After a long, uncomfortable pause he whispers, “Alexia.” The way he says it makes me feel exposed, like I’m spread-eagle in my underwear.
The taste in my mouth is nearly unbearable. I stifle a gag as my voice comes out low and pained. “It’s Alex.”
His reply’s a whisper. “You shouldn’t be afraid of who you are. When you get older like me, you’ll realize
Alexia
is a gorgeous name.” He’s looking down at me, only not at my face.
I feel violated, numb, but refuse to let it show. “Are we going to have a lesson today? Or just talk about what
old
people know?”
Lips twisting into something akin to a grin, his gaze travels lazily upward to my face. But there’s malice in his eyes. Still, he lingers. “Touché, Alexia.”
Strolling back to his desk, he makes a pretense of reviewing his papers while really he’s leering at a couple making out in the back of the class. From my vantage point in the front, I follow his gaze to where the guy’s got his hands on his girlfriend’s ass as she perches on the edge of his desk. Mr. Creepy’s getting off on it.
Suddenly, his eyes shift to me and I get caught watching. Flushing with excitement, he continues to pointedly hold my gaze as his halo coils around him like a snake. He wants me to know that he saw me. Unfortunately, I do.
Feigning a look of shock, Mr. Creepy clears his throat then frowns at the couple disapprovingly. “Let’s begin,” he says. Although speaking to the entire class, his eyes dart to mine secretively before sliding away. Then directed to the girl-half of the couple he orders, “Please take your seat, Miss Bennett.”
He spends the entire lecture seated, lounging behind his desk. His relaxed posture, like every gesture and every question, is calculated. Whenever he looks in my direction his eyes make me feel dirty—like he’s projecting pornographic thoughts.
Five minutes before the end of class his eyes turn feverish and he dismisses us early. I try to get the heck out of there but get stuck behind a couple of slow kids, one of the last ones to exit. Waiting anxiously for my turn to leave, I try to ignore my glassy-eyed teacher and his x-rated thoughts pummeling me from across the room as I make my escape.
I wonder why none of the other students seem to notice something’s amiss. Maybe on top of everything else, I’m beginning to hallucinate. Then I realize they can’t see his halo, which undulates about him in stilted, jerky motions. In my peripheral vision I see him lick his nonexistent lips.

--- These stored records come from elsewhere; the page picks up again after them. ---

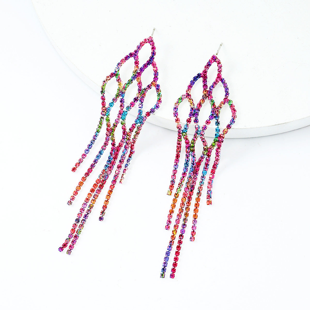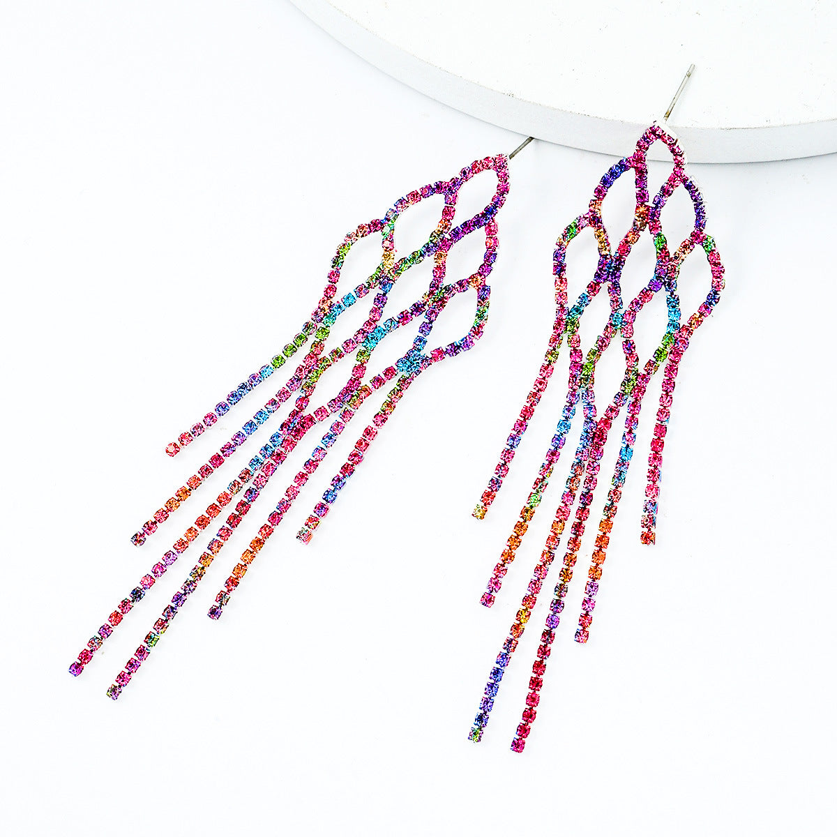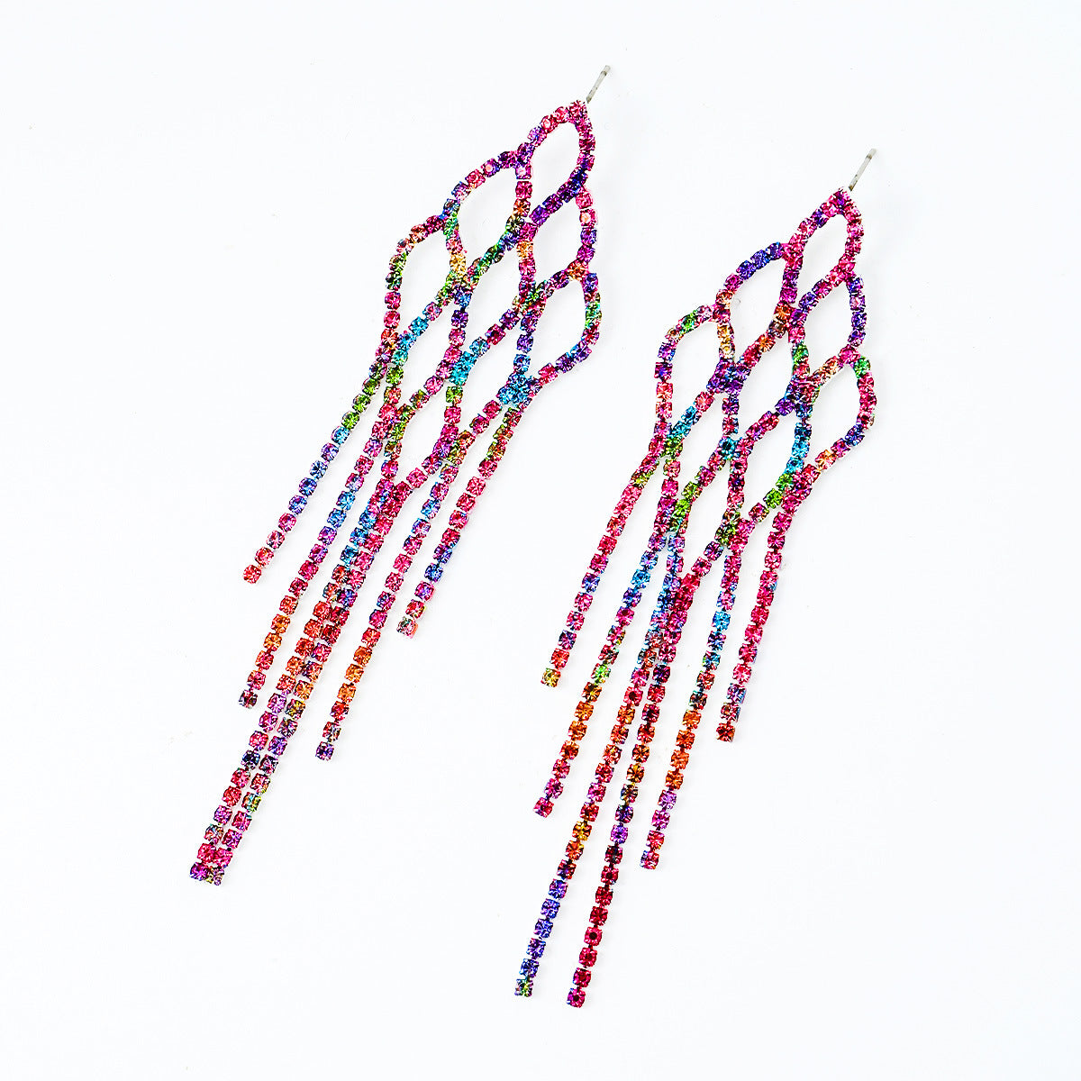 Pendientes de malla con borlas de diamantes de imitación E7874
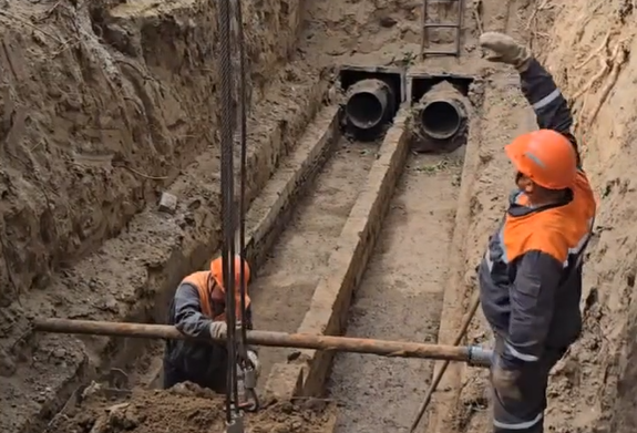 На территории детского сада № 122 проводится плановая замена тепловой магистрали № 4. Диаметр трубопровода составляет 530 мм, общая протяженность — 233 метров.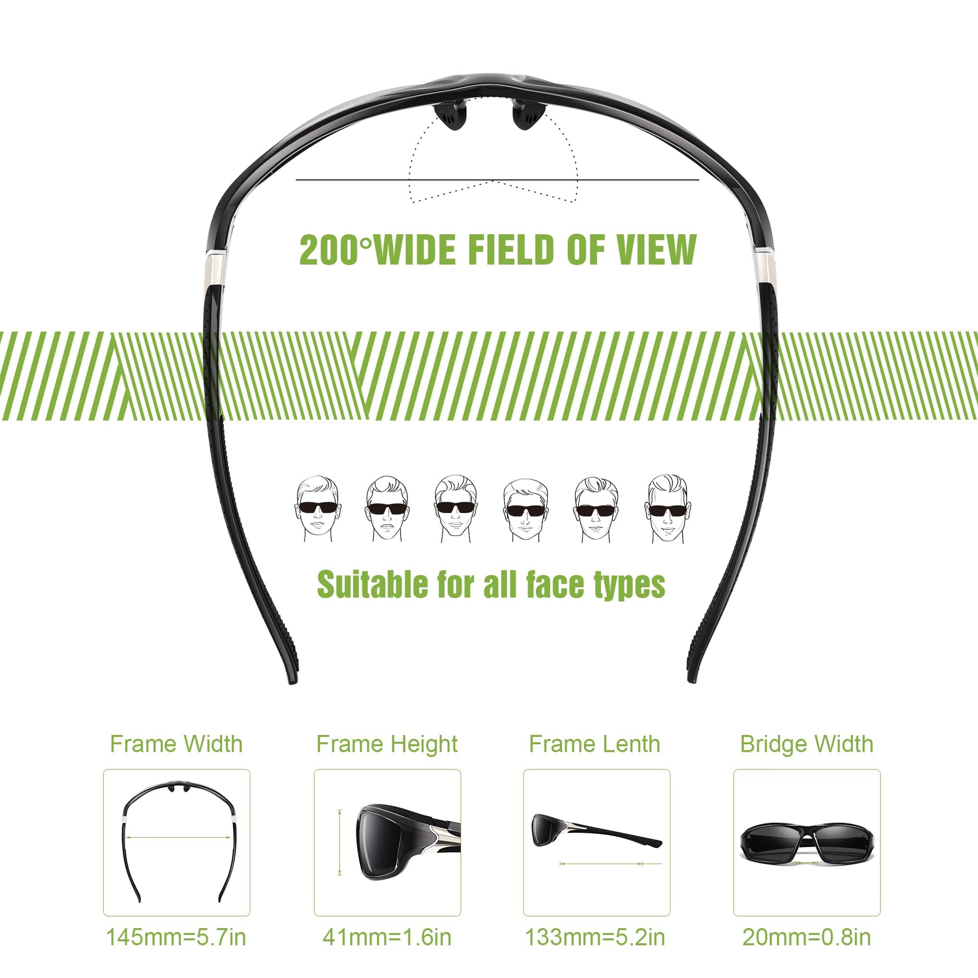 - Premium Materials and Details:Featuring high-quality TAC polarized sunglasses lenses that are scratch-resistant, these sunglasses for men offer long-lasting visual enjoyment. The lightweight PC frame, combined with non-slip rubber nose pads, ensures comfortable and secure wear without slipping. The included strap and pouch make it easy to carry and protect your polarized sports sunglasses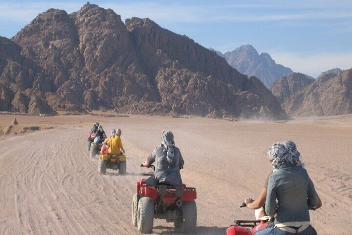 Explore the Magic of Red Sea Desert by Quad bike tour from Hurghada. Relax, drink Bedouin tea, and experience the Bedouin lifestyle before heading back through the sand dunes to the starting point.

He smirks, knowing he has my undivided attention. His dark halo continues to thrust.
I have to get the hell out!
Stumbling out the door, I bump into Jonah. His halo’s darkened again into charcoal, but it doesn’t bother me at this particular moment. His pale eyes, however, are unnerving as he regards me uncomfortably, with something that could pass for sympathy. “Fuckin’ teachers,” he mumbles before ducking his head and shuffling away.